**EXERCISE PROMPT:** Reproduce every line of the data, exactly and without its pictures.

**DATA EXTRACT:**
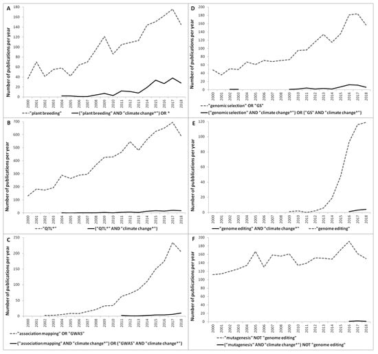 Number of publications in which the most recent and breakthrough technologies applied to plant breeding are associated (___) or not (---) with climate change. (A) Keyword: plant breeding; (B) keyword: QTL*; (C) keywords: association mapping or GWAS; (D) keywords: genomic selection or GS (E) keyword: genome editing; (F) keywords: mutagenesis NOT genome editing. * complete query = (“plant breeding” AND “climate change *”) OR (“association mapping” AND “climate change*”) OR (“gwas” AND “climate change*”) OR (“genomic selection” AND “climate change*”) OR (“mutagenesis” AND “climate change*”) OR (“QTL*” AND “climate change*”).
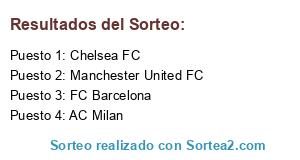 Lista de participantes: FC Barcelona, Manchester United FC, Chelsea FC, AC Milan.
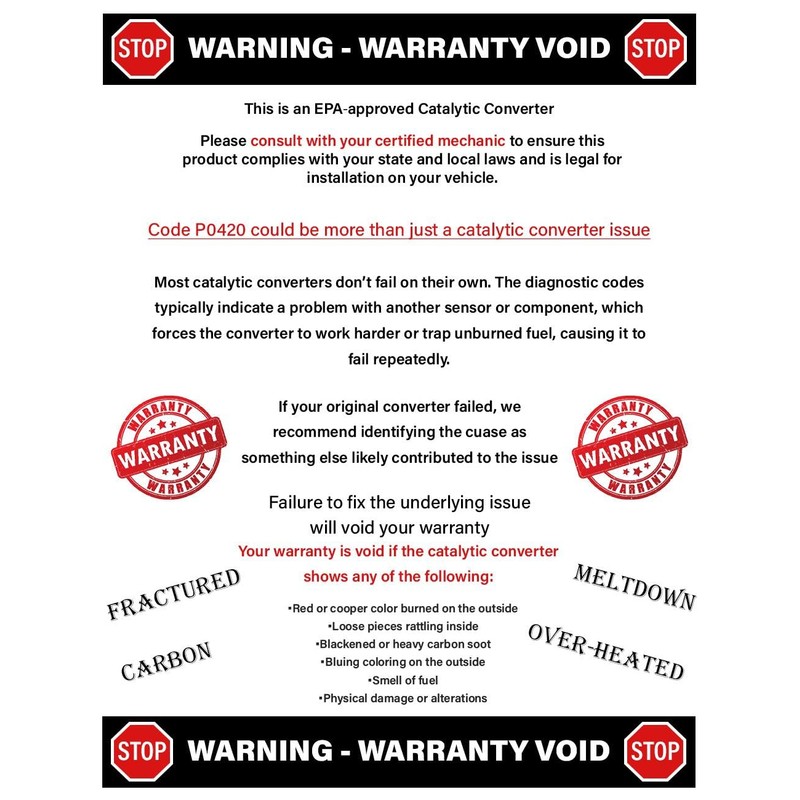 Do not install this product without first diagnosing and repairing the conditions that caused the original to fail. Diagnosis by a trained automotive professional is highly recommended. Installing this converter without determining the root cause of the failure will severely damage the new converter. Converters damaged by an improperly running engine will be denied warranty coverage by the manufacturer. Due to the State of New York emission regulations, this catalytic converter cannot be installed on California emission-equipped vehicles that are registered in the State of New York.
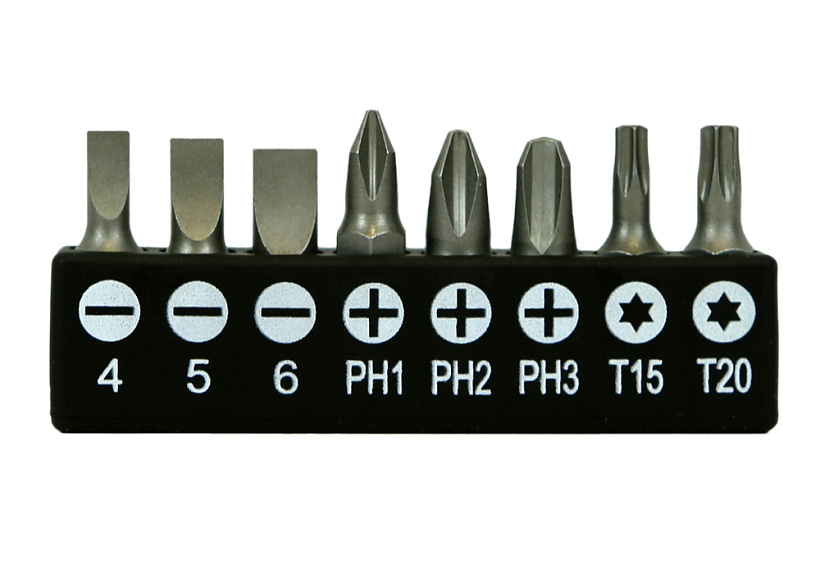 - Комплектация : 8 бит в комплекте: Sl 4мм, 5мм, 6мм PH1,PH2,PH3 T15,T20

**PROBLEM SOLUTION:**
 Number of publications in which the most recent and breakthrough technologies applied to plant breeding are associated (___) or not (---) with climate change. (A) Keyword: plant breeding; (B) keyword: QTL*; (C) keywords: association mapping or GWAS; (D) keywords: genomic selection or GS (E) keyword: genome editing; (F) keywords: mutagenesis NOT genome editing. * complete query = (“plant breeding” AND “climate change *”) OR (“association mapping” AND “climate change*”) OR (“gwas” AND “climate change*”) OR (“genomic selection” AND “climate change*”) OR (“mutagenesis” AND “climate change*”) OR (“QTL*” AND “climate change*”).
 Lista de participantes: FC Barcelona, Manchester United FC, Chelsea FC, AC Milan.
 Do not install this product without first diagnosing and repairing the conditions that caused the original to fail. Diagnosis by a trained automotive professional is highly recommended. Installing this converter without determining the root cause of the failure will severely damage the new converter. Converters damaged by an improperly running engine will be denied warranty coverage by the manufacturer. Due to the State of New York emission regulations, this catalytic converter cannot be installed on California emission-equipped vehicles that are registered in the State of New York.
 - Комплектация : 8 бит в комплекте: Sl 4мм, 5мм, 6мм PH1,PH2,PH3 T15,T20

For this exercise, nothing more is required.